Anyone who has had such a heart attack is at increased risk to experience another in the first few years following his or her initial heart attack, explains Krumholz, adding that beta-blockers often reduce the risk of further damage to the heart muscle and thereby the risk of another, and potentially fatal, heart attack. In fact, the importance of beta-blockers as preventive therapy after acute myocardial infarction has been established in younger patients.

The latest study showed that elderly patients who received beta-blocker therapy at the time of discharge had a 14 percent lower risk of death at one year after discharge.

The research also showed the influence of the hospital as an appropriate setting for beginning this preventative therapy, notes Krumholz. Of the patients who were not receiving beta-blocker therapy when admitted, 43.5 percent began the therapy upon or before being released from the hospital.

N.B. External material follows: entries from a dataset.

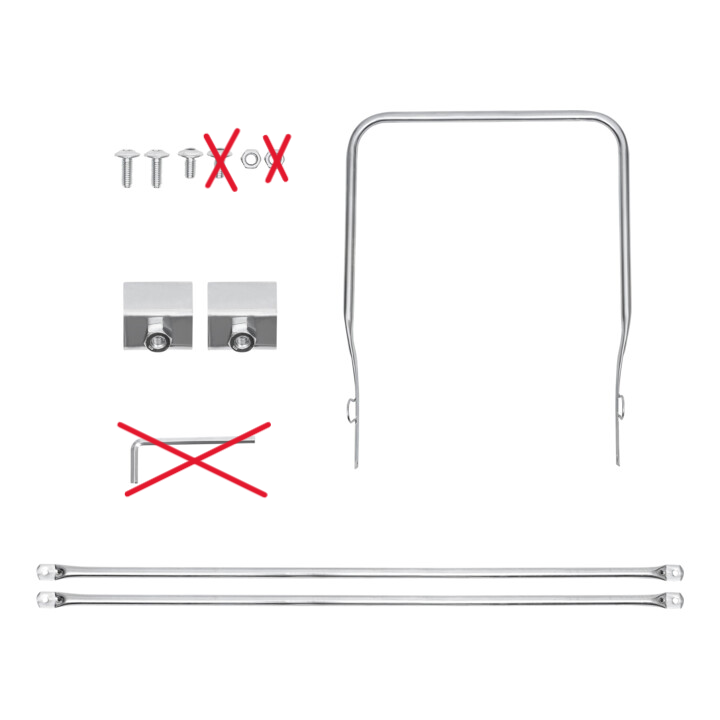 Im Lieferumfang fehlt: Inbusschlüssel, Schraube M6 x1, Sechskantmutter M6.
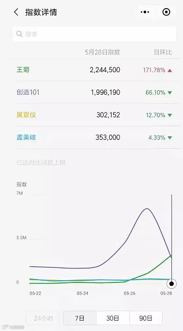 上周《创造101》选手王菊在各大平台爆火,从微信指数来看,王菊的热度已经超过很多流量明星,29日的指数已突破千万,日环比增长达到453%。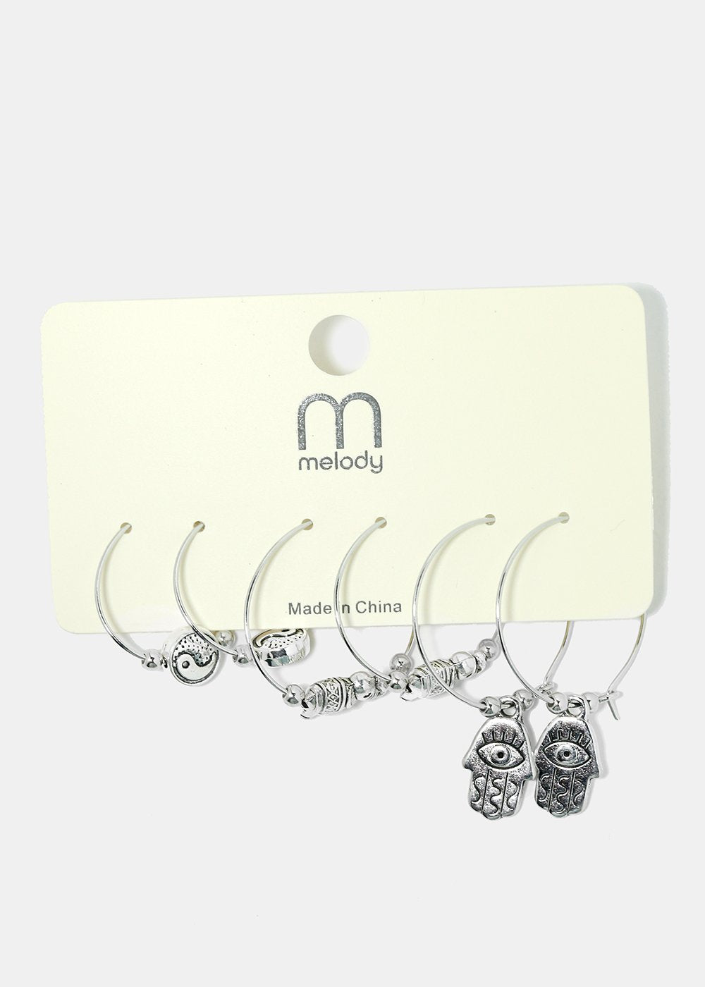 Gorgeous silver metal earrings with different amazing designs. This set is perfect for casual to night out looks! An essential addition to your earring collection!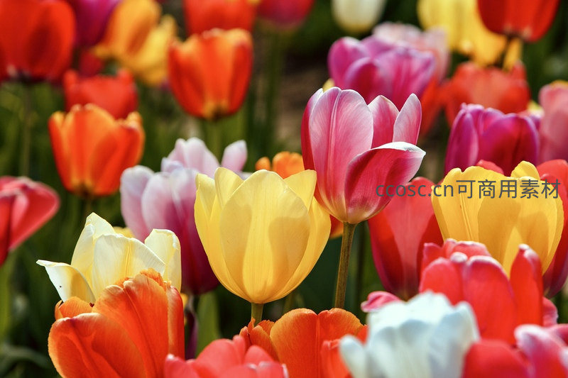 阳光下,各色郁金香竞相开放,红、黄、粉、白交织成一片绚烂的花海,绿叶衬托,充满春日活力与自然之美。
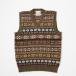JAMIESON'S(ジャミーソンズ)のAOFI VEE NECK SLIPOVER。お馴染みのVネックのフェアアイルベスト。スコットランド・シェットランド諸島産の上質な羊毛を植物染色し、色鮮やかな幾何学模様に編み立てたフェアアイルニット。 美しい発色とナチュラルな柔らかい風合い、軽くて暖かい着心地が特徴的なベストです。ミドルゲージのニットになるのでアウター、インナーどちらでも対応可能。スタイリングのアクセントとして取り入れやすいオススメの1着です。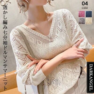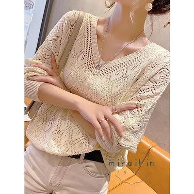 超人気 ブラウス レディース 長袖 ニットブラウス バルーンスリーブトップス 春 夏 透かし 可愛い サマーニット カジュアル 着回し 体型カバー きれいめ 通勤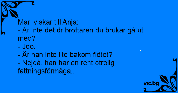 Mari viskar till Anja: - Är inte det dr brottaren du brukar gå ut med? - Joo. - Är han inte lite bakom flötet? - Nejdå, han har en rent otrolig fattningsförmåga..
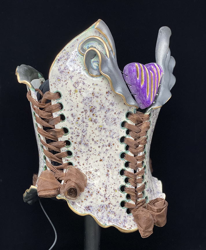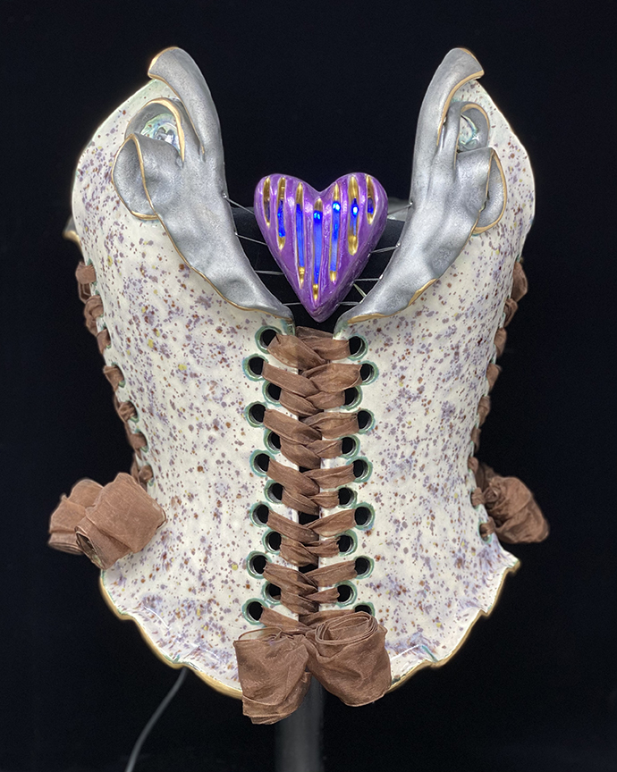 Brindle Love Light-up heart wearable ceramic corset by: Nicole Moan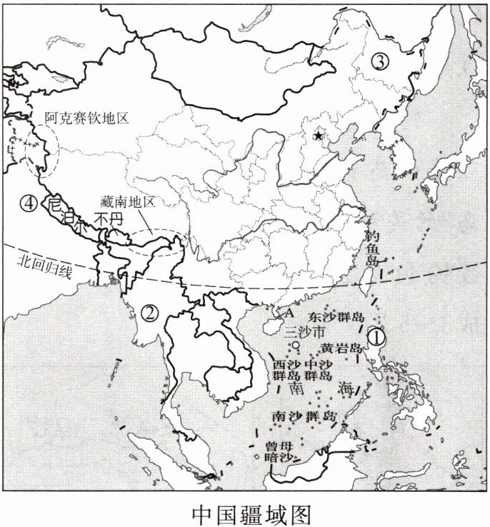 6. 国家版图是指一个国家行使主权和管辖权的疆域。2024 年 8 月 29 日是我国第 21 个测绘法宣传日,倡导规范使用标准地图,提升公众国家版图意识。读中国疆域图,完成下列要求。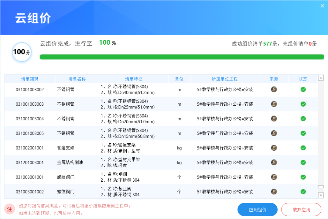 项目造价编制环节,内置于计价软件的云组价功能,与新点造价大模型深度融合,实现了土建、装饰、安装、园林、市政等多个专业的精准组价,匹配率90%+,单项目的组价准确率85%+。

Specialists, as a whole, tended to be more likely to prescribe beta-blockers. "Patients admitted by cardiologists and internists were much more likely to be discharged receiving beta-blockers than those admitted by general or other types of physicians, demonstrating that opportunities for improvement are not equal among physician groups," the researchers report.

In addition to Krumholz, who is also with the medical school's department of epidemiology and public health and director of the Robert Wood Johnson Clinical Scholars program, researchers included Drs. Asefeh Heiat and Martha J. Radford of the Yale-New Haven Hospital Center for Outcomes Research and Evaluation; Jersey Chen of the cardiology section at the School of Medicine; Yun Wang of the Connecticut Peer Review Organization; and Dr. Thomas A. Marciniak of the Health Care Financing Administration in Baltimore.

The study was sponsored by the Health Care Financing Administration, Department of Health and Human Services, and was undertaken as part of the National Cooperative Cardiovascular Project. The analysis was supported in part by a grant from the Patrick and Catherine Weldon Donaghue Medical Research Foundation.